Unsere Sonne


Hinweis auf die Gefahr beim Beobachten der Sonne:

Beim Beobachten der Sonne, egal ob mit dem Fernglas oder dem Fernrohr müssen wir immer darauf achten, dass ein entsprechender Sonnenfilter vor dem Objektiv angebracht ist. Niemals mit einem Sonnenfilter beobachten, der in ein Okular geschraubt werden kann. Die Temperatur des gebündelten Sonnenstrahls lässt diesen Glasfilter in kürzeszter Zeit  zerspringen. Schon eine kleine Fernglaslinse erzeugt im Strahlengang eine Temperatur von mehreren hundert Grad.
Bekommen wir so einen gebündelten Sonnenstrahl ins Auge ist es in kürzester Zeit irreparabel zerstört.
Im Astronomie Zubehör Bedarf bekommt man schon für kleines Geld Sonnenfilterfolien, die man sich selber nach beigefügter Anleitung vor eine Optik bauen kann.

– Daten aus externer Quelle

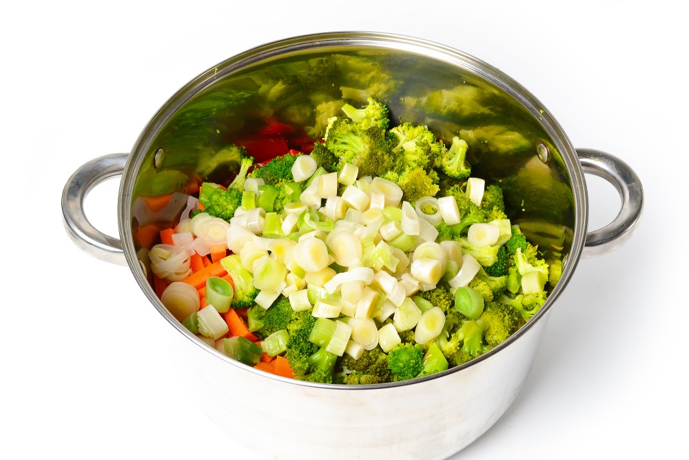 Смешать индейку с овощами в большой кастрюле, добавить лук-порей.
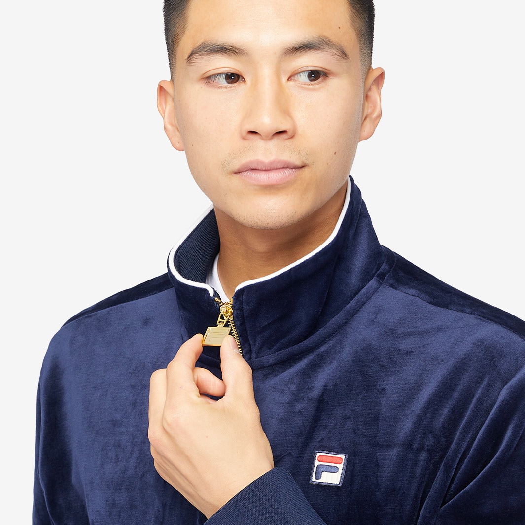 Complete any outfit in comfort and style with the FILA Heritage Irving Velour Track Top in Navy, the soft and cosy jacket featuring a FILA logo on the chest and a gold zip that completes and elevates your look.

Die Sonne der Mittelpunkt unseres Planetensystems

Unsere Sonne ist in der Gruppe aller Sterne ein relativ kleiner Stern, der den Mittelpunkt unseres Planetensystems bildet. Im Sonnenkern wird Wasserstoff in Helium umgewandelt und als Strahlungsenergie in Form von Gammastrahlung freigesetzt. Da die Strahlungsenergie durch unterschiedliche Prozesse innerhalb der Sonne nicht sofort an die Oberfläche gelangt, dauert der Prozess der Freisetzung Millionen Jahre, um vom Sonnenkern bis zur Sonnenoberfläche zu gelangen.

(Siehe Grafik bei Enstehung der Sonnenflecken)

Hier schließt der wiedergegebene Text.